[VIDEO] GLP-1 Manufacturing's New Bottlenecks At Multi-Ton Scale

By Katie Anderson, Chief Editor, Pharmaceutical Online

After shifting to accommodate the GLP-1 growth in the past five years, the pharmaceutical industry must continue to strategize and innovate to accommodate the rapid growth that is still projected into 2030.  Moving from kilogram-scale production to multi-ton output requires not only adjustments to manufacturing processes, but also adjustments to operations, infrastructure and analytics.  

During the Pharmaceutical Online live panel “Analytical Strategies for High-Volume GLP-1 Manufacturing,” Matteo Villain, Vice President of Peptide & Oligonucleotide Strategic Initiatives at Veranova, and Leonardo Costa Siqueira, U.S. API Manufacturing Lead at Novo Nordisk, discussed what changes when peptide manufacturing moves into true industrial scale.

Variability Is a Challenge

Villain said the scale-up conversation changes quickly once manufacturers move beyond producing the molecule itself. At multi-ton scale, the priority becomes controlling the behavior of an interconnected process, especially as manufacturers adopt fragment condensation strategies to improve scalability.

“At multi-ton scale, the challenge becomes less about making the molecule and more about controlling the variability of the process in this interconnected system,” explained Villain. “As you scale up purification, there are some non-linearity effects, and you also need to have a high-throughput industrialized analytics because the number of samples increases.”

He noted that full solid-phase peptide synthesis (SPPS) becomes less efficient for full GLP-1 molecules at this scale. Fragment condensation can help address that limitation, but it also brings new variables into focus, including the physical attributes of protected peptide fragments, particle properties, dissolution behavior, and solid-form analysis.

Controlling Genotoxic Impurity

The move to fragment condensation also changes the impurity-control burden.

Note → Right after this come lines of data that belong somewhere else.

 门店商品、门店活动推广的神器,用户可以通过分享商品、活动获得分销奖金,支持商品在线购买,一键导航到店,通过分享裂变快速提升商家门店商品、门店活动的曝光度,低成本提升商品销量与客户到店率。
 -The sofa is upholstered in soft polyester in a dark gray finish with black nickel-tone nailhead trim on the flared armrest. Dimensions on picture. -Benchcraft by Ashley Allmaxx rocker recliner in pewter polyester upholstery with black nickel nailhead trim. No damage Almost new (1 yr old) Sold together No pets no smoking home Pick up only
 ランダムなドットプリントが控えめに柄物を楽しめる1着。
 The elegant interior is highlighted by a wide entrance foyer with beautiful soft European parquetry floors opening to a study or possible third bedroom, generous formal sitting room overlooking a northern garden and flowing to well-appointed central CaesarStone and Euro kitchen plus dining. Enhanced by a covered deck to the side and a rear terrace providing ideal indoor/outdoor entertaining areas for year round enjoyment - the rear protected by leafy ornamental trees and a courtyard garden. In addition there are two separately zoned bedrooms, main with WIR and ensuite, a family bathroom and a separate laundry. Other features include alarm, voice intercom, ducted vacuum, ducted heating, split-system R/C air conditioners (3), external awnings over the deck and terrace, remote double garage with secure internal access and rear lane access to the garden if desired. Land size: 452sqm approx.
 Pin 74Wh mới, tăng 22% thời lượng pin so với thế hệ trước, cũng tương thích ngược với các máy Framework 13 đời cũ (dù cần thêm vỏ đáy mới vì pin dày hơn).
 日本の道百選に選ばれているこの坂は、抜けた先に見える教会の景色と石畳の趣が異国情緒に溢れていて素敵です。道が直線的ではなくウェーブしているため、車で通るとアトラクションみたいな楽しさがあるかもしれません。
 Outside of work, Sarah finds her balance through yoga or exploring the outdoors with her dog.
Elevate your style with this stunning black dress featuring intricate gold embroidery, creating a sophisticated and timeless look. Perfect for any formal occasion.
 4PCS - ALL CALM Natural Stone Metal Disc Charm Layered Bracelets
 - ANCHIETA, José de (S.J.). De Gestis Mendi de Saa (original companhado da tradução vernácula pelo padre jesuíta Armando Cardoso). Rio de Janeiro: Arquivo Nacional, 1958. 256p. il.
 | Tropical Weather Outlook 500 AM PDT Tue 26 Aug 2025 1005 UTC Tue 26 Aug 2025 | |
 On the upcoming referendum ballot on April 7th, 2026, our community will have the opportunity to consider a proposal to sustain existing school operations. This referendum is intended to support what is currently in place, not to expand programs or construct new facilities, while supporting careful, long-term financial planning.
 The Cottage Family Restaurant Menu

Villain explained that certain genotoxic impurity concerns that may have been purged through traditional SPPS can become more prominent in fragment-based processes.

“All this came back to become critical in the fragment condensation approach because you have the possibility to form nitrosamine and this type of genotoxic impurity during the fragment condensation,” added Villain. “So, you add the analytics that are typical of the small molecule to control the genotoxic impurity, which on a molecule of 30 amino acids becomes a little bit more complicated.”

Operational Discipline Helps

Siqueira emphasized that reducing variability requires stable systems, process visibility, and standardization. He pointed to Novo Nordisk’s experience in protein and peptide manufacturing as a foundation for scaling GLP-1 API production.

“We build our VSM, we map the process, we put the control strategy in place, and then we reduce variability,” noted Siqueira. “In this way, we can move from the lab scale to our big facilities that we have nowadays producing a lot of API.”

Global Demand Exposed Capacity Gaps

While originator companies with established peptide experience were better positioned, Villain said the broader industry (particularly CDMOs) was surprised by how quickly demand accelerated and how much dedicated capacity would be required.

“The industry in general, especially the CDMO, were surprised by the speed and the magnitude of the demand,” explained Villain. “All of a sudden, you did not have the reactor, and you did not have the proper purification. The isolation became an issue.”

Siqueira added that scaling globally also depends on shared standards across sites, especially as manufacturers move beyond injectable formats. Oral GLP-1 products, he said, create additional API demand because of the quantity required per dose.

“We have global sites that can work together and use the experience with each other and bring this innovation to the market,” noted Siqueira. “For us, it was very important to share and make sure that we have the right standards in place.”

Purification and Analytics

Villain said the primary bottleneck has shifted over time. Early constraints centered on synthesis capacity, but as fragment-based approaches improve throughput, purification and the analytics required to support purification are becoming more important limitations.

“Purification at the ton level by reverse-phase HPLC is not something people used to do in any situation,” added Villain. “The purification of GLP-1 is a more demanding application. And so now my impression is that the new bottleneck is the purification and the analytical associated with this purification.”

What Manufacturing Capacity Requires

Siqueira broadened the definition of bottleneck beyond core process equipment. Large-scale GLP-1 manufacturing depends on enabling processes such as water, energy, waste management, environmental impact, and coordination with local communities and government stakeholders.

“You cannot forget about the enabling process—not just the core process and the bottlenecks itself,” continued Siqueira. “When we talk about waste management, you need to have a real connection with the town that you are in, the county, and the government to make sure that you have all the structure around you to be able to talk about tons of capacity.”

Tying It All Together

Scaling GLP-1 manufacturing is not just a matter of building bigger synthesis capacity. At multi-ton scale, manufacturers must manage variability across interconnected steps, expand high-throughput analytics, control impurity risks, strengthen purification platforms, and ensure the surrounding infrastructure can support the demands of high-volume API production.